- Task directions: Print exactly, and only, the lines from the one that has "バッテリー最大容量76%の【iPhone8】バッテリー交換修理で100%に!" through the end of the material below, with both ends included and the pictures omitted.

- Dataset excerpt:
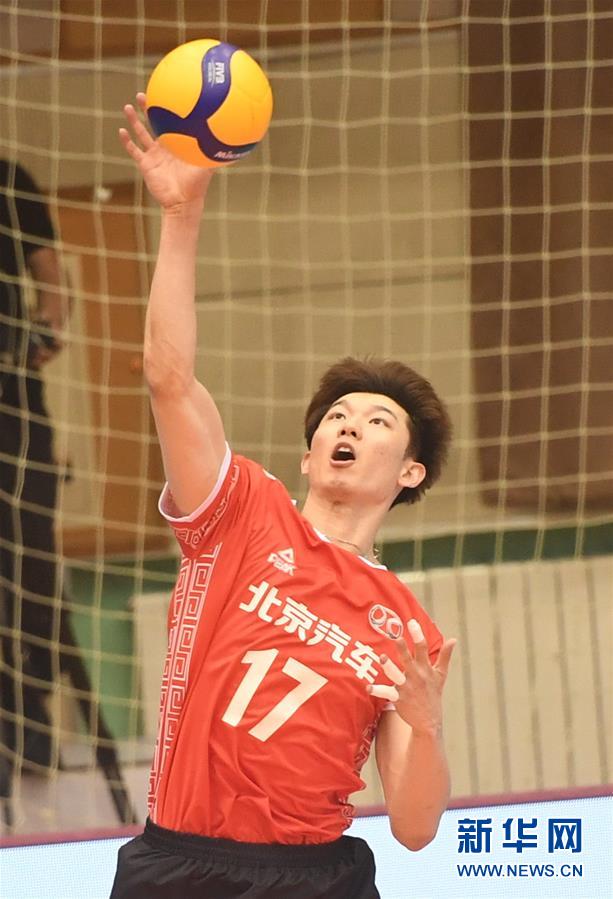 8月28日,北京汽车队球员刘力宾在比赛中发球。 当日,在河北秦皇岛进行的2019-2020赛季中国男子排球超级联赛第二阶段F组比赛中,北京汽车队以3比0战胜福建师范大学队。 新华社记者 朱旭东 摄
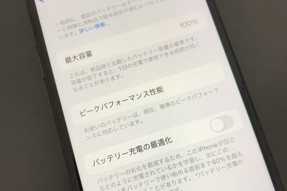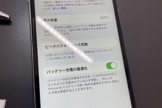 バッテリー最大容量76%の【iPhone8】バッテリー交換修理で100%に!
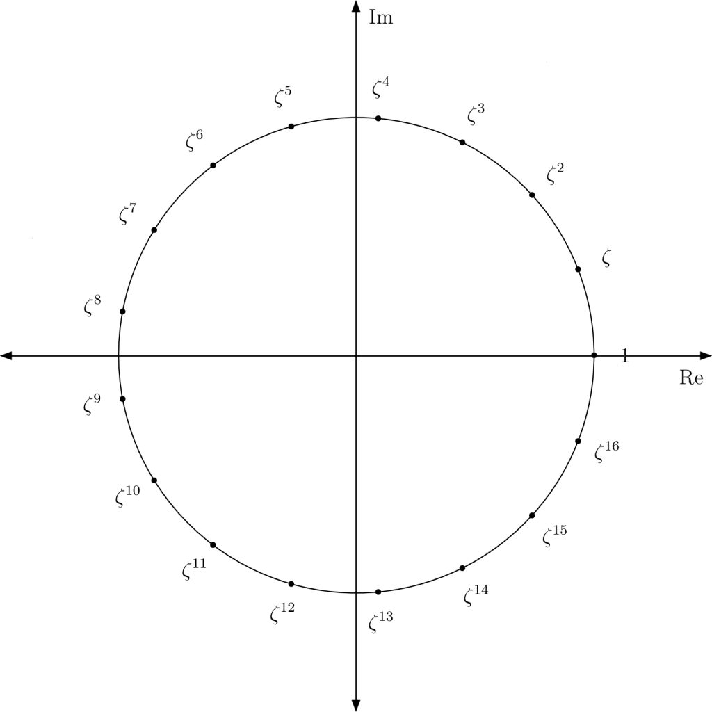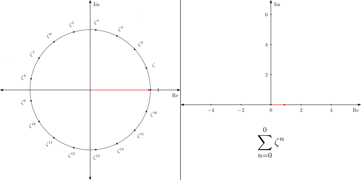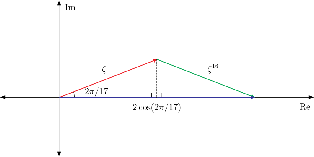 This is known as the seventeenth cyclotomic polynomial, and it’s easy to see that is one of its roots by viewing the complex numbers as vectors. The sum of all seventeen powers of

- Answer area:
 バッテリー最大容量76%の【iPhone8】バッテリー交換修理で100%に!
 This is known as the seventeenth cyclotomic polynomial, and it’s easy to see that is one of its roots by viewing the complex numbers as vectors. The sum of all seventeen powers of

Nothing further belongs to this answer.